* _What is needed_
The entries below are to be repeated exactly, and their pictures left out.
=== Data for the task ===
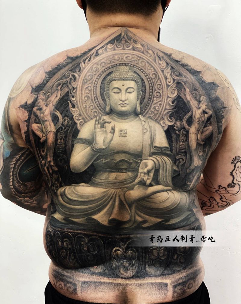 石窟 阿弥陀佛纹身图片_背部新传统欧美写实佛石雕纹身图案
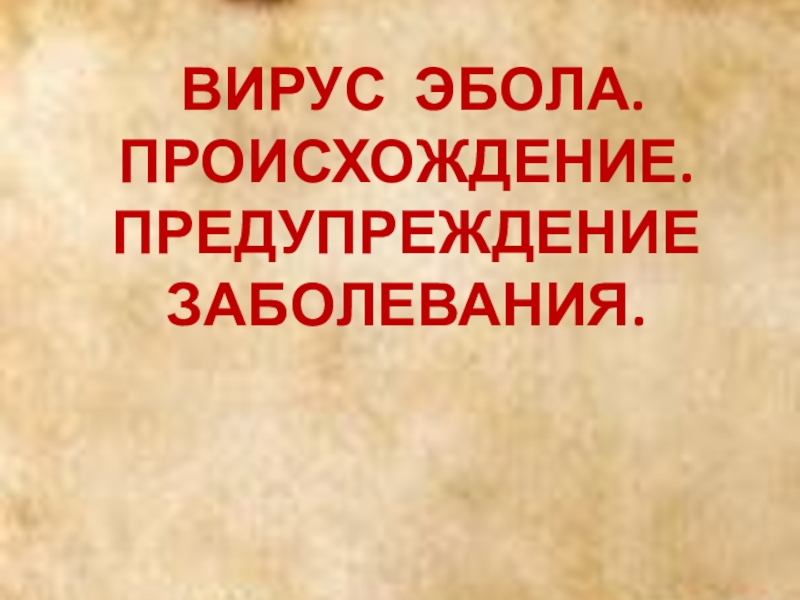 Слайд 1 ВИРУС ЭБОЛА. ПРОИСХОЖДЕНИЕ. ПРЕДУПРЕЖДЕНИЕ ЗАБОЛЕВАНИЯ.
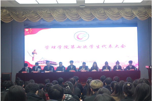 11月16日下午4时,管理学院第七次学生代表大会在龙湖校区敏行楼A报告厅召开。学院党委副书记陶漫,党政办公室主任李永鹏,团委副书记江旭聪,专职辅导员黄斐、姚姝媛、赵晨妍等大会主席团成员出席会议并在主席台就座。大会秘书长江旭聪、主席团团长朱一分别主持第一次和第二次全体会议。
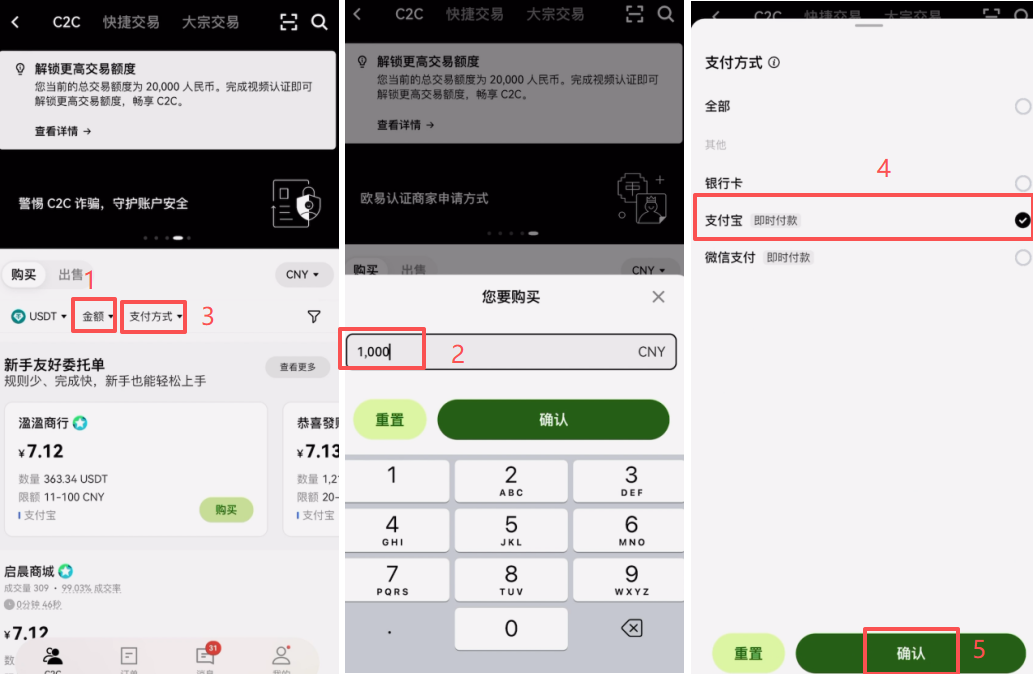 首先可以筛选一下我们要购买的金额,比如说我想购买1000人民币的USDT,然后筛选一下支付方式,比如说我们选择“支付宝”,点击【确认】。
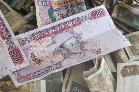 Heap of old Myanmar money. Stacks of Burmese banknotes. Burma currency.
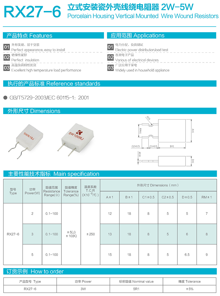 RX27-6型立式安装瓷外壳线绕电阻器
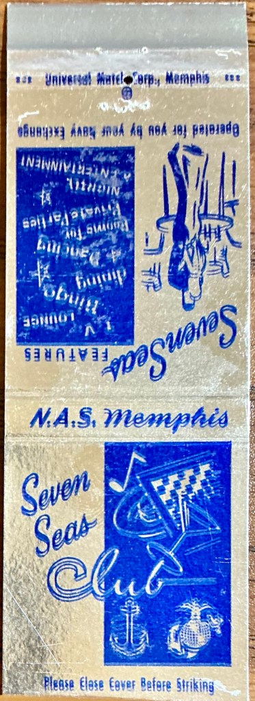 This was the only Seven Seas Memphis cover I have or could find. There are other Navy Seven Seas Club matchcovers, notably at San Diego and a civilian nightspot in Hollywood.
===
* _Result of the exercise_
 石窟 阿弥陀佛纹身图片_背部新传统欧美写实佛石雕纹身图案
 Слайд 1 ВИРУС ЭБОЛА. ПРОИСХОЖДЕНИЕ. ПРЕДУПРЕЖДЕНИЕ ЗАБОЛЕВАНИЯ.
 11月16日下午4时,管理学院第七次学生代表大会在龙湖校区敏行楼A报告厅召开。学院党委副书记陶漫,党政办公室主任李永鹏,团委副书记江旭聪,专职辅导员黄斐、姚姝媛、赵晨妍等大会主席团成员出席会议并在主席台就座。大会秘书长江旭聪、主席团团长朱一分别主持第一次和第二次全体会议。
 首先可以筛选一下我们要购买的金额,比如说我想购买1000人民币的USDT,然后筛选一下支付方式,比如说我们选择“支付宝”,点击【确认】。
 Heap of old Myanmar money. Stacks of Burmese banknotes. Burma currency.
 RX27-6型立式安装瓷外壳线绕电阻器
 This was the only Seven Seas Memphis cover I have or could find. There are other Navy Seven Seas Club matchcovers, notably at San Diego and a civilian nightspot in Hollywood.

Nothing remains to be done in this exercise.